Jurnas.net - Menjelang meningkatnya kebutuhan listrik selama bulan suci Ramadan, PT PLN (Persero) melalui Unit Induk Transmisi Jawa Bagian Timur dan Bali (UIT JBM) memperkuat keandalan sistem transmisi backbone 500 kV jalur Paiton–Grati. Upaya ini menjadi langkah strategis untuk memastikan pasokan listrik tetap stabil tanpa gangguan, terutama pada waktu-waktu krusial seperti sahur dan tarawih.
Melalui Unit Pelaksana Transmisi (UPT) Probolinggo, PLN melaksanakan penggantian isolator tension flash pada jaringan Saluran Udara Tegangan Ekstra Tinggi (SUTET) 500 kV jalur Paiton–Grati #2, tepatnya di Tower 48 Phasa T (atas). Jalur ini merupakan salah satu tulang punggung sistem interkoneksi Jawa-Bali yang menopang distribusi energi dalam skala besar antarwilayah.
Sebanyak 14 personel Pemeliharaan Dalam Keadaan Bertegangan (PDKB) diterjunkan bersama enam personel regu pemeliharaan jaringan UPT Probolinggo. Pekerjaan dilakukan menggunakan metode khusus tanpa memadamkan aliran listrik, sehingga pelanggan tetap menikmati pasokan listrik normal selama proses berlangsung.
Isolator sendiri merupakan komponen vital yang berfungsi sebagai penyekat antara bagian bertegangan dan tidak bertegangan. Penurunan kemampuan isolasi berpotensi memicu gangguan sistem, termasuk risiko trip atau reclose berulang. Karena itu, penggantian dilakukan sebagai langkah preventif berdasarkan hasil evaluasi teknis dan inspeksi rutin.
General Manager PLN UIT JBM, Ika Sudarmaja, menjelaskan bahwa pekerjaan ini merupakan bagian dari penguatan sistem pasca evaluasi gangguan reclose yang sempat terjadi sebelumnya. “Pemeliharaan ini adalah bentuk komitmen kami menjaga keandalan jalur backbone 500 kV. Kami tidak ingin gangguan serupa terulang, apalagi di momentum Ramadan ketika konsumsi listrik meningkat signifikan,” ujarnya.
Menurutnya, Ramadan identik dengan lonjakan aktivitas masyarakat pada malam hari, mulai dari ibadah hingga kegiatan sosial. Stabilitas listrik menjadi faktor penting untuk mendukung kenyamanan dan kekhusyukan ibadah.

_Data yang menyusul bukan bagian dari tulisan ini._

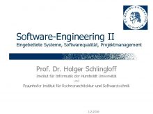 Software-Engineering II Eingebettete Systeme Softwarequalität Projektmanagement Prof Dr

Langkah preventif melalui metode PDKB juga menunjukkan transformasi strategi pemeliharaan PLN yang semakin mengedepankan keandalan tanpa pemadaman. Dengan pendekatan ini, risiko gangguan dapat ditekan tanpa mengorbankan kontinuitas layanan.
PLN memastikan kesiapsiagaan personel dan peralatan di seluruh jaringan transmisi terus ditingkatkan, terutama pada jalur-jalur strategis yang menopang sistem kelistrikan Jawa-Bali. Upaya ini menjadi bagian dari ikhtiar berkelanjutan agar masyarakat dapat menjalankan ibadah Ramadan dengan aman, nyaman, dan tanpa gangguan listrik.